• [Directions]
Drop every picture, then transcribe the remaining data exactly.

• [Supplied information]
-=-=-
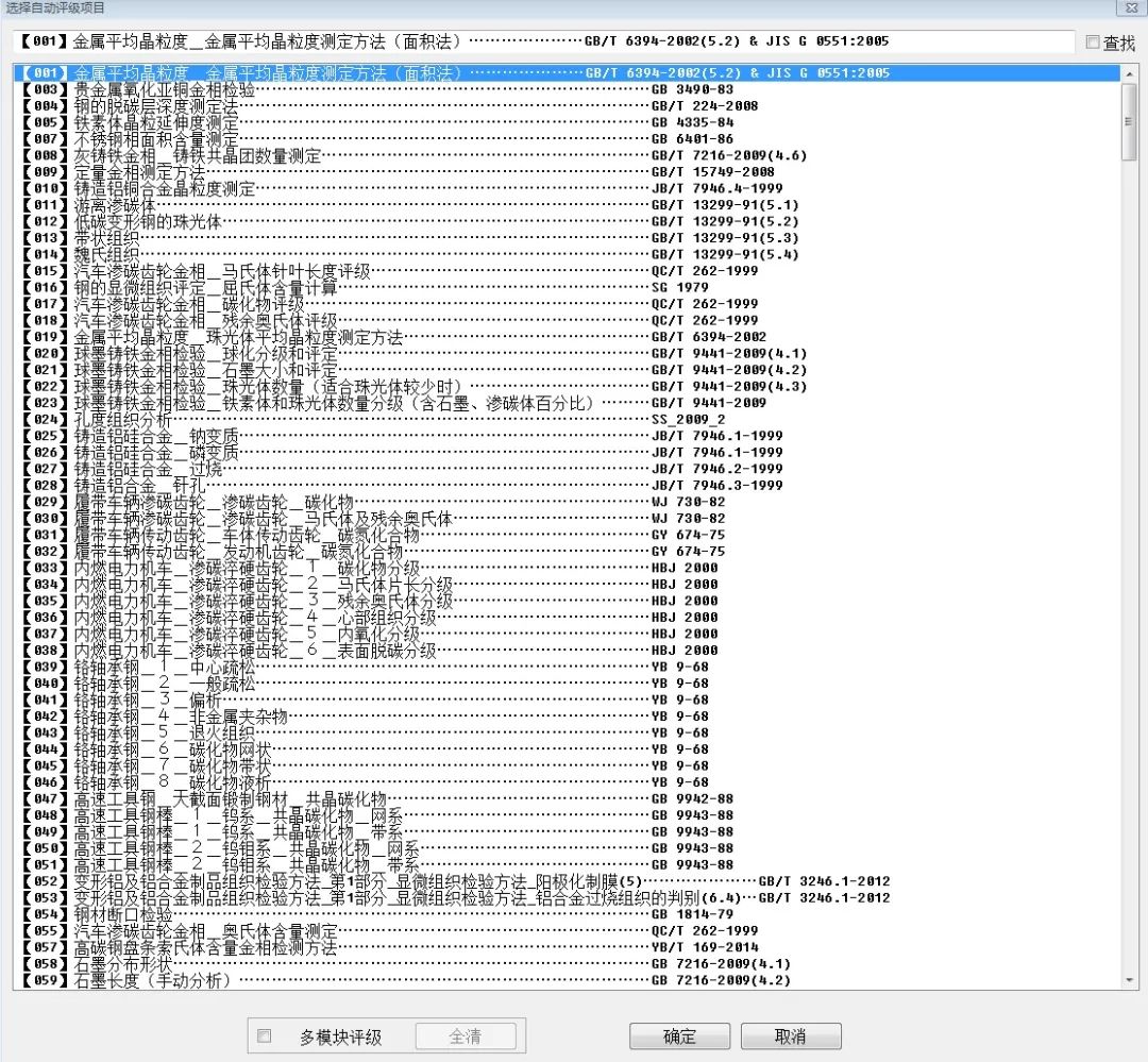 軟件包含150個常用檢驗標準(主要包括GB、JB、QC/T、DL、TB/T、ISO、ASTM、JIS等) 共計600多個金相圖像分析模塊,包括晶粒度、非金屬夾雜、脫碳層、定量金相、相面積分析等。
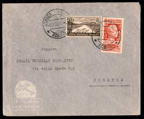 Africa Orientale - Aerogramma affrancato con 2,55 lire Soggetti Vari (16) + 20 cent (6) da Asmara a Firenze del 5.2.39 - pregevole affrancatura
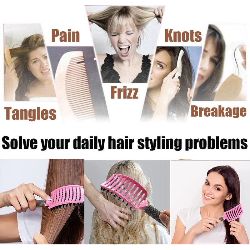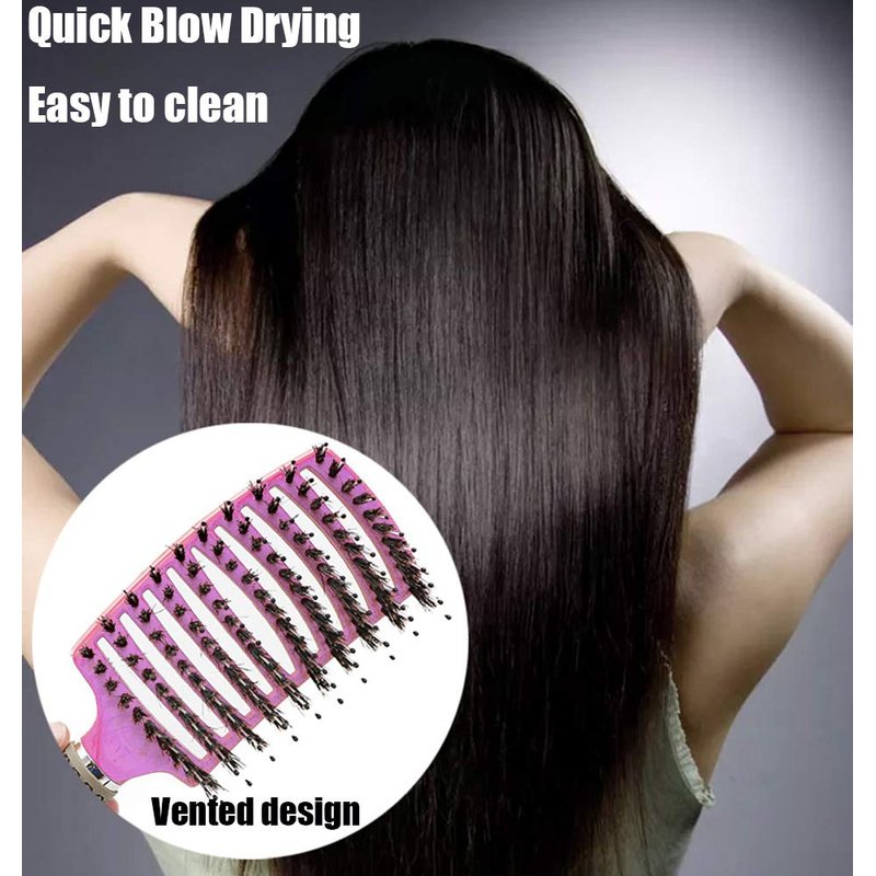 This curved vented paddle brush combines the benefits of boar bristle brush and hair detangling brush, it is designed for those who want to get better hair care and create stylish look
-=-=-
• [Expected answer]
 軟件包含150個常用檢驗標準(主要包括GB、JB、QC/T、DL、TB/T、ISO、ASTM、JIS等) 共計600多個金相圖像分析模塊,包括晶粒度、非金屬夾雜、脫碳層、定量金相、相面積分析等。
 Africa Orientale - Aerogramma affrancato con 2,55 lire Soggetti Vari (16) + 20 cent (6) da Asmara a Firenze del 5.2.39 - pregevole affrancatura
 This curved vented paddle brush combines the benefits of boar bristle brush and hair detangling brush, it is designed for those who want to get better hair care and create stylish look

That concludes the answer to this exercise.